Therefore, the constant ratio reflects the gamma output value for
the minimum density better than values obtained by interpolating
the reference ratios. Similarly, in the range near the maximum
density, the density changes at a fast rate. Therefore, the
constant ratio reflects the gamma output value for the maximum
density better than values obtained by interpolating the reference
ratios. Stable density calibration can be achieved by selectively
setting ratios based on ranges in this way.
[0096] More specifically, as shown in FIG. 6 and FIG. 7A, the
estimated ratio for the first density range (0 to 50) is determined
based on the gamma output value g for the minimum density 0 (0%).

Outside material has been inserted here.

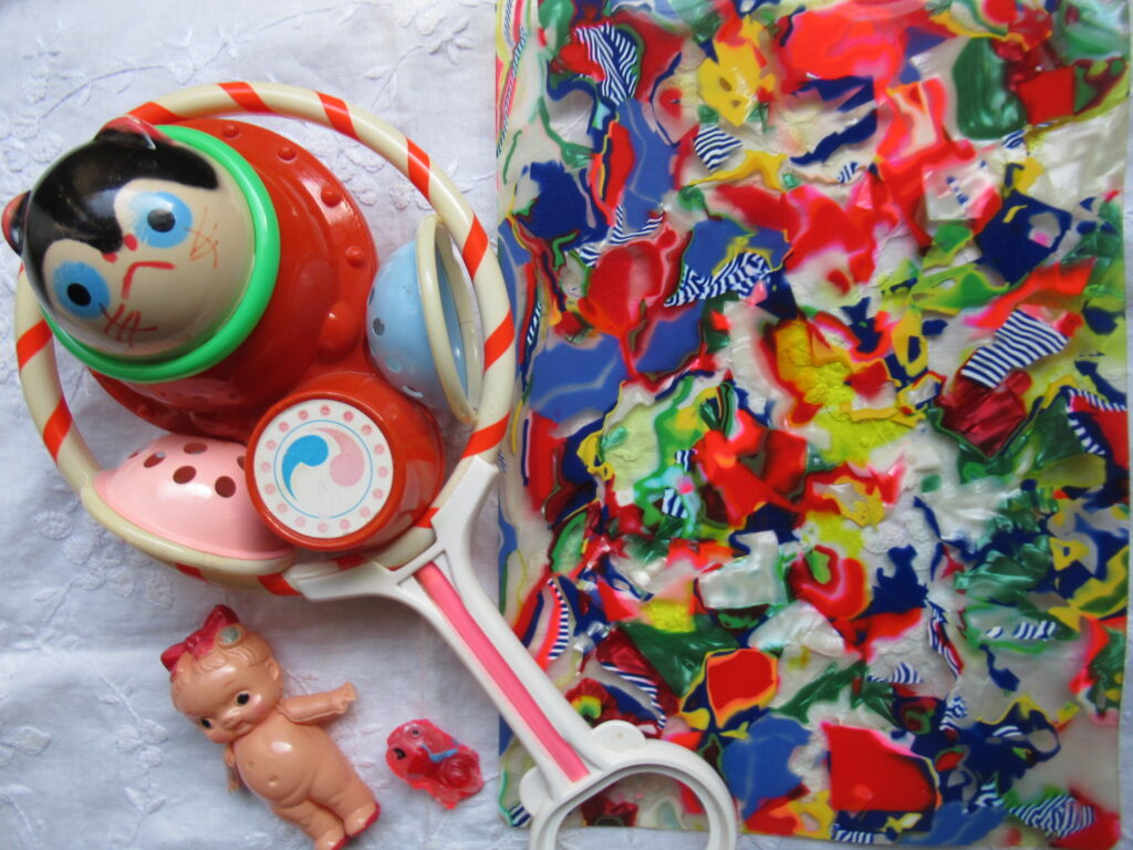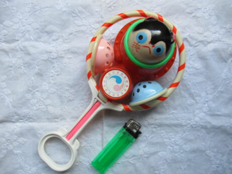 鉛筆キャップ6個(CC-481)¥1000 3.5cm 女の子(CC-479)¥1800 sold 高6.8cm 金魚(CC-480)¥1000 3cm ガラガラ (CC-478)¥4500 縦23cm 淵に少し凹みあり。 下敷き(CC-477)¥1800 15×21.5cm

More specifically, the estimated ratio for the first density range
is set to a fixed ratio obtained by dividing the difference between
the calibration gamma output value c1 and the gamma output value g
for the minimum density 0 (0%) by the difference between the gamma
output value a1 and the gamma output value g, that is,
(c1-g)/(a1-g). In this example, because the gamma output value g
for the minimum density is equal to zero (0), the estimated ratio
for the first density range (0 to 50) is set equal to the reference
ratio c1/a1 for the reference density 20% that is adjacent to this
range.
[0097] The estimated ratio for the second density range (205 to
255) is determined based on the maximum gamma output value f for
the maximum density 255 (100%). More specifically, the estimated
ratio for the second density range is set to a fixed ratio obtained
by dividing the difference between the gamma output value f for the
maximum density 255 (100%) and the calibration gamma output value
c4 by the difference between the gamma output value f and the gamma
output value a4, that is, (f-c4)/(f-a4).
[0098] Thus, a constant estimated ratio is set for the first
density range that includes the minimum density 0 (0%) to reflect
the gamma output value g (0) for the minimum density 0 (0%), and a
constant estimated ratio is set for the second density range that
includes the maximum density 255 (100%) to reflect the gamma output
value f for the maximum density 255 (100%). In other words,
constant estimated ratios are set for the first and second density
ranges, where density changes at a fast rate, based on the gamma
output values corresponding to those ranges. Therefore, it is
possible to reflect the gamma output values in those ranges more
accurately than if the estimated ratios were simply set to constant
ratios.
[0099] Next, the CPU 91 computes and stores a new gamma table in
S150 of FIG. 3. The new gamma table is calculated based on the
reference ratios and estimated ratios (collectively called gamma
ratios) obtained above. Specifically, the new gamma table is
calculated by multiplying these gamma ratios by the gamma output
values set in the original gamma table GT. Hence, for the range of
recording density values 0-50, the gamma output values in the table
GT are multiplied by the constant ratio (c1-g)/(a1-g). For the
range of recording density values 51-204, the gamma output values
in the table GT are multiplied by gamma ratios (the reference ratio
and estimated ratio) for the corresponding recording density
values. For the recording density values 205-255, the gamma output
values in the table GT are multiplied by the constant ratio
(f-c4)/(f-a4). Through this process, it is possible to obtain a new
gamma table illustrated conceptually by the dotted line in FIG. 7B.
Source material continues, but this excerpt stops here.